Klaus Schmidt, Göbekli Tepe yapılarının Asya “balbal kültürü” ile olan benzerliğine dikkat çekmiştir. Türklerin dikilitaş kültürü onların derin kozmolojisi ile de yakından ilgilidir ve balbal kültürü Türklere aittir.
Hadi gelin bunu biraz irdeleyelim..
Resimde solda totem Göbekli Tepe’de keşfedilmiştir ve şu anda Şanlıurfa Müzesi’nde sergilenmektedir.
Totemde doğum aşaması halinde betimlenen bir çocuk imgesi dikkat çekicidir. Bebeğin elleri arasında da bir kadeh veya kase veya kap şeklinde çok çarpıcı bir eşya vardır. 
Bu totemde “yeniden doğum”, “yaşam döngüsü”, “sonsuzluk” kavramları anlatılmaya çalışılmış olabilir.
Sağ taraftaki ise Türk mitolojisinin en kutsal tanrıçası olan “Umay Ana”dır, hareketin ve doğumun simgesidir.
Umay Ana doğacak çocukları belirler ve “yaşam ağacı”nın sahibidir. Heykelde göreceğiniz gibi, Umay Ana elinde bir kadeh tutmaktadır. Bu kadeh Türklerde “ant kadehi” olarak bilinir ve sonsuzluğu, ebedi hayatı temsil eder. 
Ant kadehi konusunu önceki yazımda detaylı olarak anlatmıştım.
Biraz daha kafanızı karıştırayım mı?
Hz.İsa’nın “son akşam yemeği”nde şarap içtiği ve Hristiyanlıkta “kutsal kase” olarak kabul edilen kadeh miti, bu toteme dayanıyor olabilir mi? Ya da Şövalyelerin arkadaşlık yemini sonrasında şarap içip yere fırlattıkları kadehler?
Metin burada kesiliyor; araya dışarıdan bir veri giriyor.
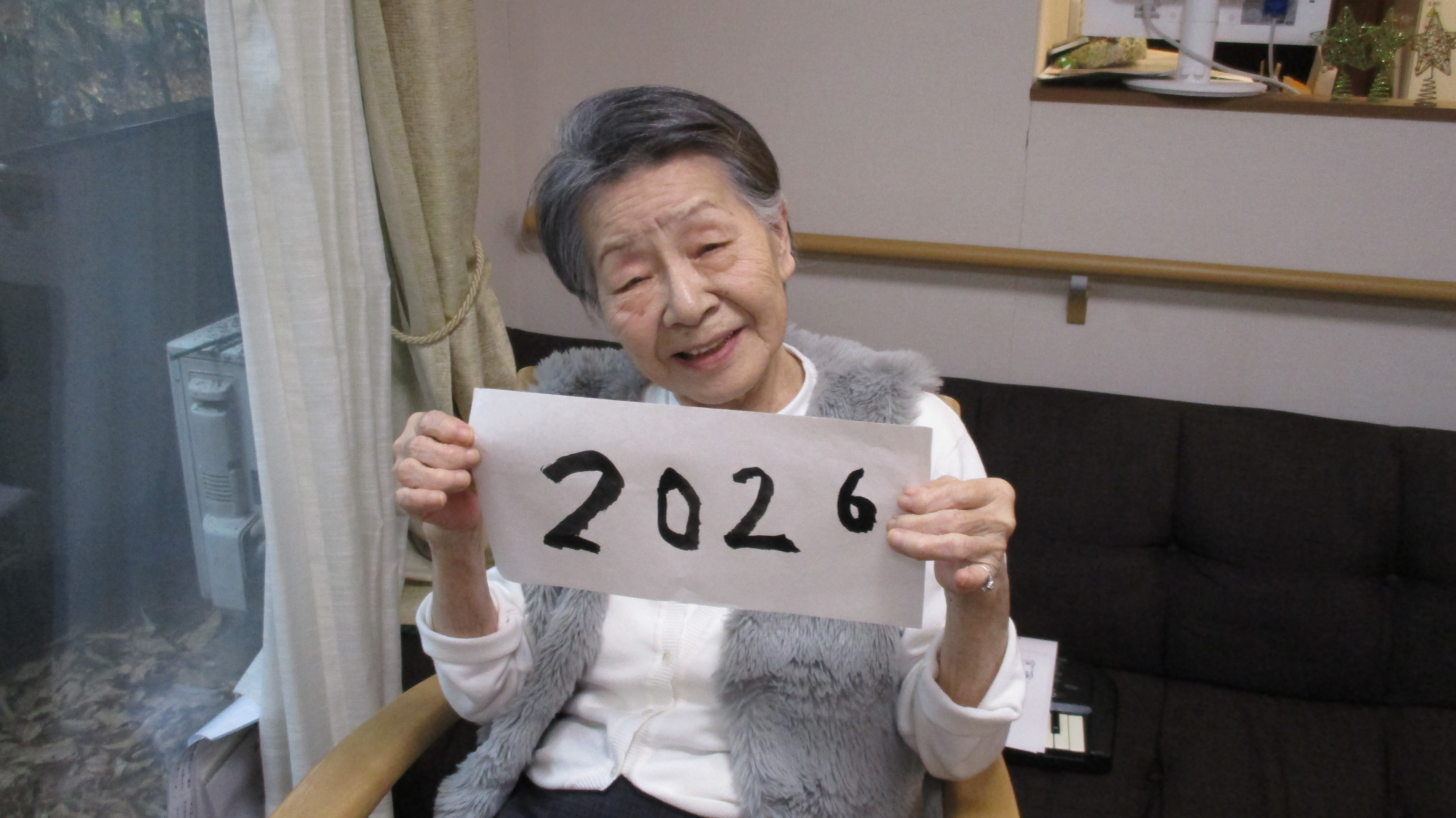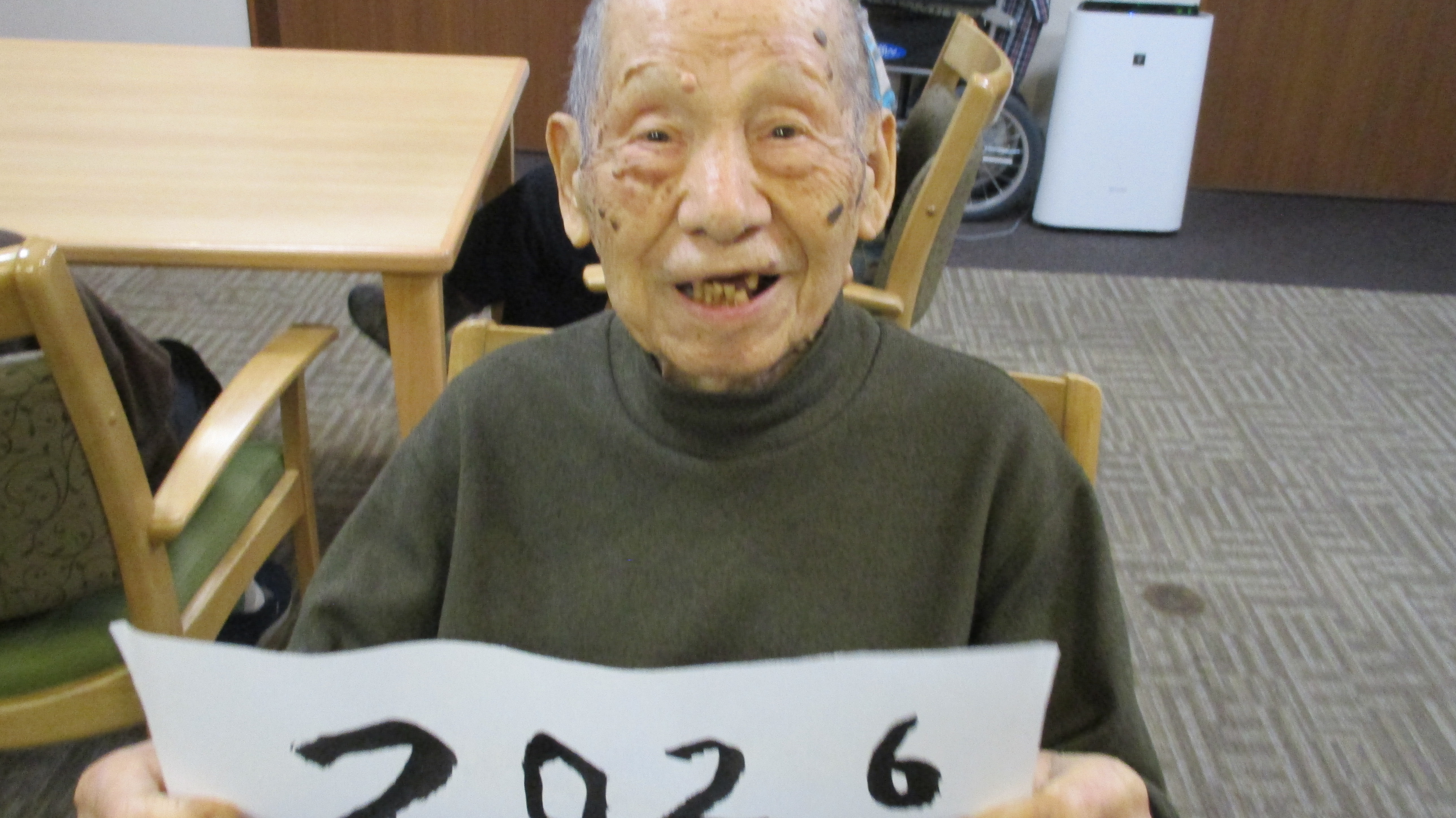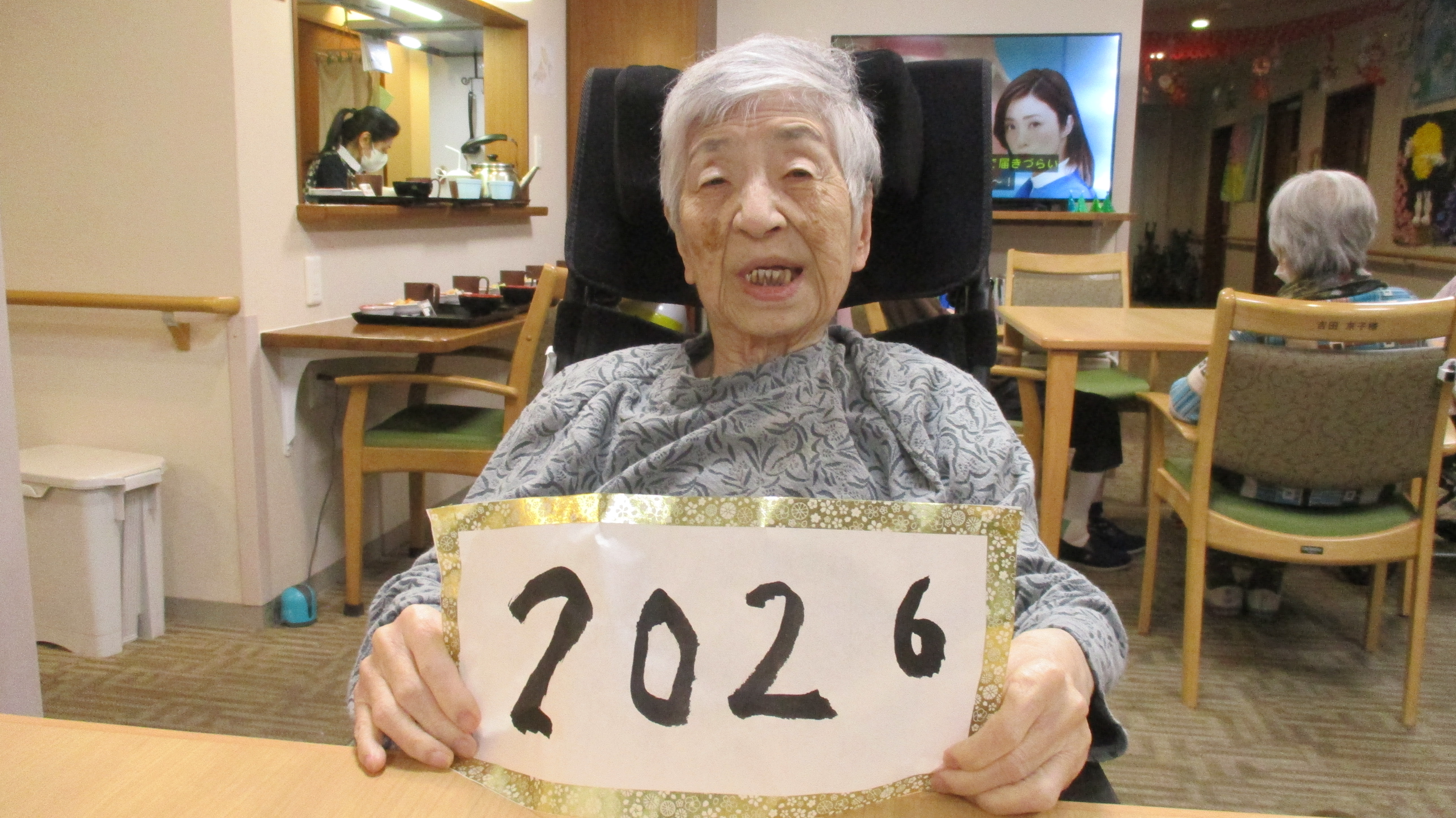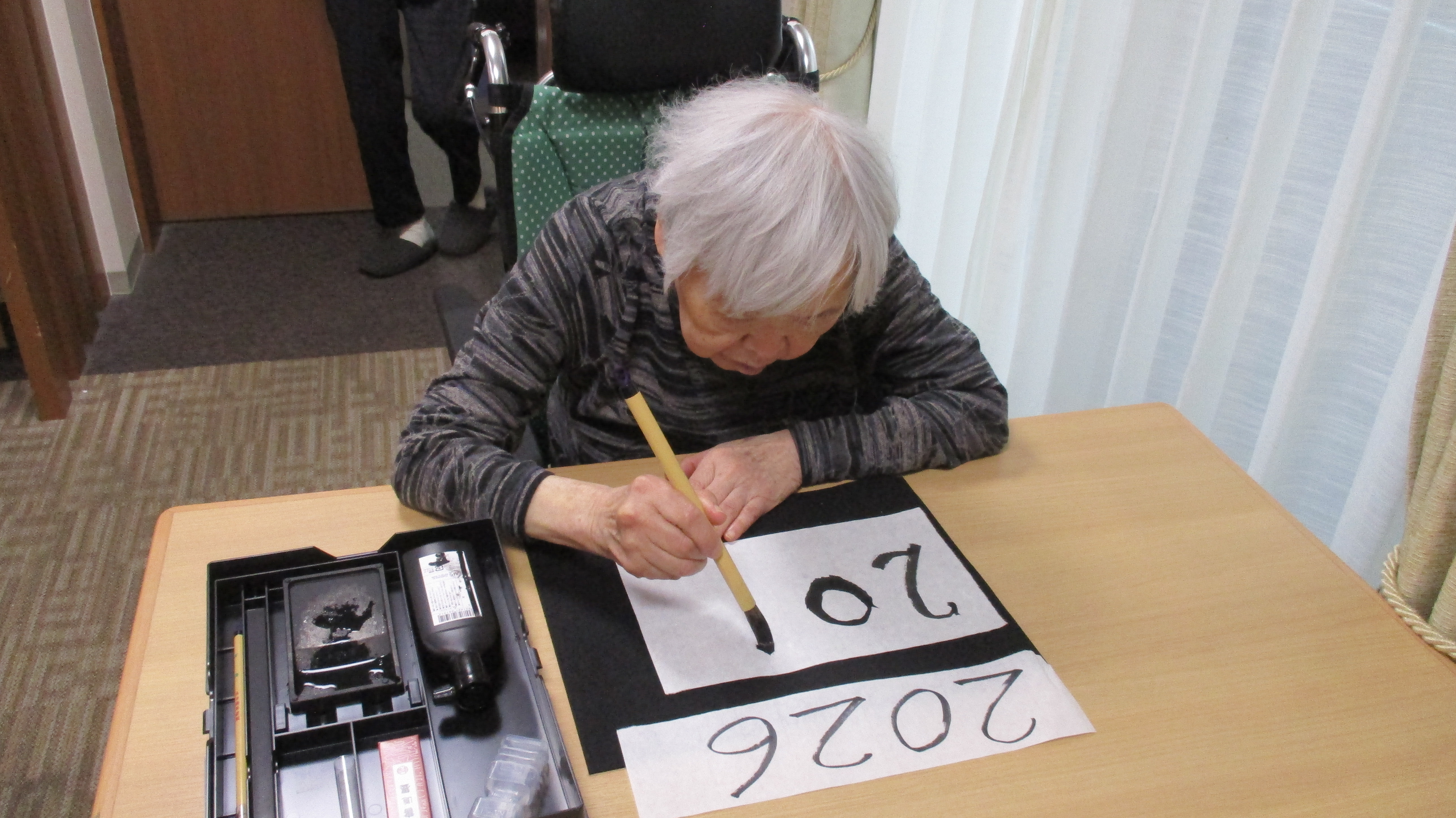 1階の皆様はお習字でかきぞめです。かけなかった方も手に取ってハイポーズ❣

İşte başka bir benzerlik daha..
Soldaki resimde 25 Eylül 2010 tarihinde Göbekli Tepe kazı alanından çalınan ve henüz bulunamayan 40-50 santimetre boyunda, 30 kilo ağırlığında, Neolitik döneme ait, bir insan başı ve üzerinde bir yırtıcı hayvan bulunan ve 11.600 yıl öncesine tarihlenen heykel görülmektedir.
Bazı araştırmacılara göre heykelin çalınmasının nedeni sadece maddi kaygı değildir; heykel başının üst tarafında “Tengri (Gök Tanrı)” tamgası bulunduğu ve bu tamga Ön Türklerin Göbekli Tepe ile bağlantısını inkar edilemeyecek şekilde ortaya koyacağı için heykel başı yok edilmiştir.
Sağdaki resim ise (önceki yazılarımdan hatırlayacağınız) Hakasya’da bulunan bir toteme aittir ve “kam” (şaman)’ı temsil etmektedir. Ne kadar benziyorlar değil mi? Yüzler aynı ve ikisinin de başında yırtıcı bir kuş betimlemesi var.
Bu örnek de Türk kültürünün yoğun bir biçimde yaşandığı Hakasya ile Göbekli Tepe arasındaki açık bağlantıyı ve dolayısı ile Türklerin izlerini çok net olarak gözler önüne sermektedir.

YILAN :
Yazılarımı takip eden okurların bildiği gibi Göbekli Tepe’de en çok rastladığımız hayvan figürü, yılandır. Resimde tek bir dikilitaş üzerinde ne kadar çok yılan figürü olduğu görüyor musunuz? Peki neden bu kadar çok sayıda varlar?
Üzerinde yılan figürü işlenmiş taşlara Türklerde de rastlanmaktadır ve bu,  Orta Asya kökenli bir kültürdür. Türk kozmolojisinde güneş ışınları yeryüzüne yılan şeklinde inmektedir.
&  Göbekli Tepe sütunlarına işlenen yılanlar yeryüzüne bereket yağdıran güneş ışınları olabilir mi ve bu neden bu kadar çok ve birbirine paralel şekilde yapılmış olduklarını açıklayabilir mi? Ne dersiniz?
EJDER :

Ejder Türk kültürünün en önemli unsurlarından birisidir. Türk kozmolojisinde Gök Kubbe’nin kutup yıldızı etrafında döndüğüne, bu dönüşün ise “felek” adı verilen çark tarafından sağlandığına ve “felek”in de bir çift ejder tarafından döndürüldüğüne inanılırdı. Bazen ejdere “Kök-luu” veya “evren” de denilirdi.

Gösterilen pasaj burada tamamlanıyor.